Lentivirus Production
Reagents:
- Mammalian cell transfection kit from Chemicon, #S-001.
- 0.1 X TE, I usually dilute the elution buffer from Qiagen Minoprep kit with the clean H2O from mammalian cell transfection kit. Filter before use.
- IMDM medium from Invitrogen #12440-079.
- 10% FCS prepared by adding 110 ml FCS, 11 ml Strep, to 1000 ml IMDM.
- Syringe driven filter unit of 0.22 um from Millipore, #SLGV033RS.
- Note: Use early passage of 293T cells which give better yield of virus. High efficiency of transfection is the key to get high titers of virus. With the transfection kit, I usually get more than 85% transfection efficiency.

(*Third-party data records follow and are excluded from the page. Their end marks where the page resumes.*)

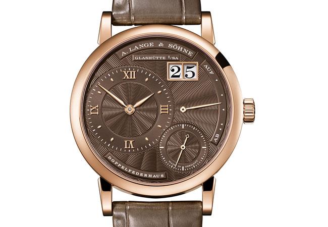 本款腕錶是這次Little Lange 1女錶中,唯一採用玫瑰金的款式,搭配的是棕色面盤與棕色鱷魚皮錶帶。此外,朗格也將原本十點鐘位置的日曆快調按把,改為隱藏式,外型則更為簡潔。36.8mm/18K玫瑰金/參考價EUR 32,500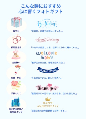期間限定キャンペーンを実施中の「宙(そら)からの贈りもの アニバーサリー・フォト」をチェックしてみては。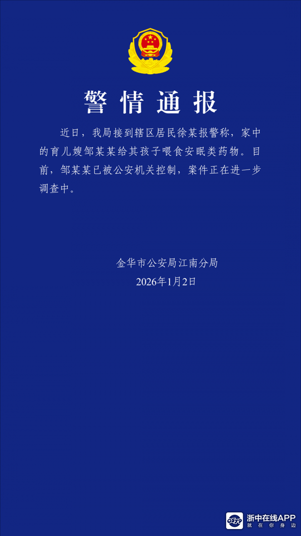 金华警方通报“育儿嫂给孩子喂食安眠类药物”:邹某某已被公安机关控制,案件正在进一步调查中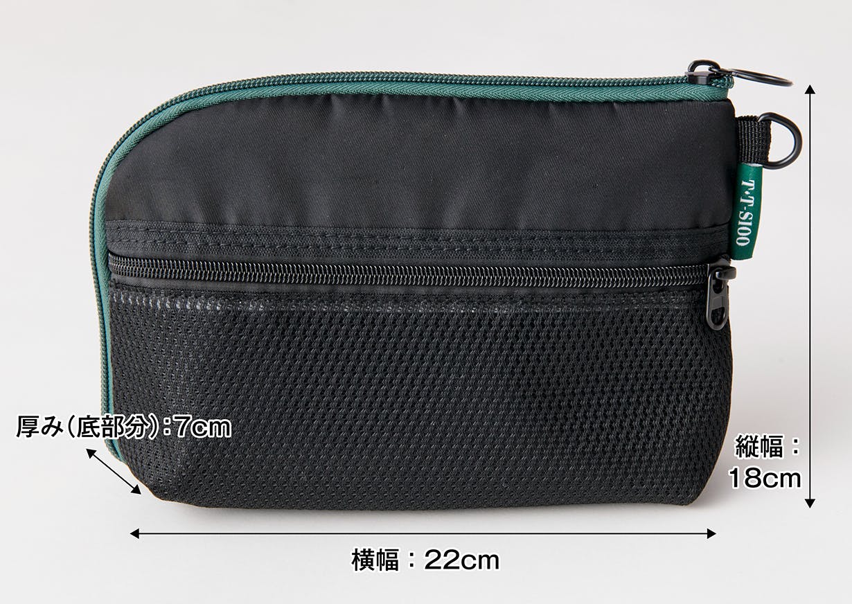 探している物がなかなか見つからない。なんて事が起きないように、ガバッと開くラウンドファスナー。そして、4つのポケットにより小さい小物が、ポーチの中でゴチャゴチャになりません。

1. 24 h before transfection, plate 4.5 X 10E6 cells in 10 cm plate.
Note: I usually do not count cells. Instead, I split one 10 cm plate cells of 80-90% to 2 plates 24 h before transfection.
2. 2h before transfection, change medium to fresh IMDM of 9 ml.
3. For each plate, make
complex I
VSVG: 3 ug Rev: 2.5 ug pMDL: 5 ug 305: 12 ug (for 305 with insert of 1kb, use 15 ug. For 277 and 277-ShRNA, use 10 ug) 0.1 X TE: Fill to 430 ul Add 60 ul CaCl2 solution. Then incubate at RT for 5 min.
Complex II
H2O: 440 ul 10X HBS: 50 ul NaOH: 7.5 ul Phosphate: 5 ul
4. Combine I and II by bubbling DNA (complex I) into complex II.

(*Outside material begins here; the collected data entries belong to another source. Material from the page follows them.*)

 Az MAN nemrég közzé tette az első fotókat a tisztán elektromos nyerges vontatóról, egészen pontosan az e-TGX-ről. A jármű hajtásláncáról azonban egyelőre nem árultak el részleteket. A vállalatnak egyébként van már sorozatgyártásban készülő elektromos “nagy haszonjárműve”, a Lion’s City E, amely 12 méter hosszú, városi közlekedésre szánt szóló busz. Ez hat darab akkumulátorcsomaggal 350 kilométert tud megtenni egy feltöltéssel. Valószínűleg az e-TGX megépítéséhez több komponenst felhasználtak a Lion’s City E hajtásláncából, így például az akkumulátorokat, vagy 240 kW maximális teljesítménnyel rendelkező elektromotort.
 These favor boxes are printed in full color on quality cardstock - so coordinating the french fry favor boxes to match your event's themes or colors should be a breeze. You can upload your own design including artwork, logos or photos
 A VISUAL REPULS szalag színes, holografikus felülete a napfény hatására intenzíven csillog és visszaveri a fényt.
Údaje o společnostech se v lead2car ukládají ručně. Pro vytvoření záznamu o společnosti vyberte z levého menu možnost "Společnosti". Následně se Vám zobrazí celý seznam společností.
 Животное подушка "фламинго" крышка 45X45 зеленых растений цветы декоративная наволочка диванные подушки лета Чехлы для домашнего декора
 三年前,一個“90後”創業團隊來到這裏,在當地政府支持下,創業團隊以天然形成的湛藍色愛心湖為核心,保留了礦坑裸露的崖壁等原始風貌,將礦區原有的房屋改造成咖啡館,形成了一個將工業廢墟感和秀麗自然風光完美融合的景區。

5. Incubate at RT for 30 min in the hood. (Do not turn on the UV!)
6. Pipette over cells while swirling the plate.
7. Change medium after 16 hours to 8 ml IMDM.
8. Collect virus after 24 hours, and store the virus at 4C wrapped by aluminum foil. Refill the plates with fresh 8 ml IMDM.
9. Collect for another 24 hours.
10. Alternatively, fill the plate with 10 ml fresh IMDM at step 8. Collect the supernatant after 30 hrs.
11. Freeze down the virus at -80C with 1 ml aliquot.
Based on protocol from Follenzi A with modifications.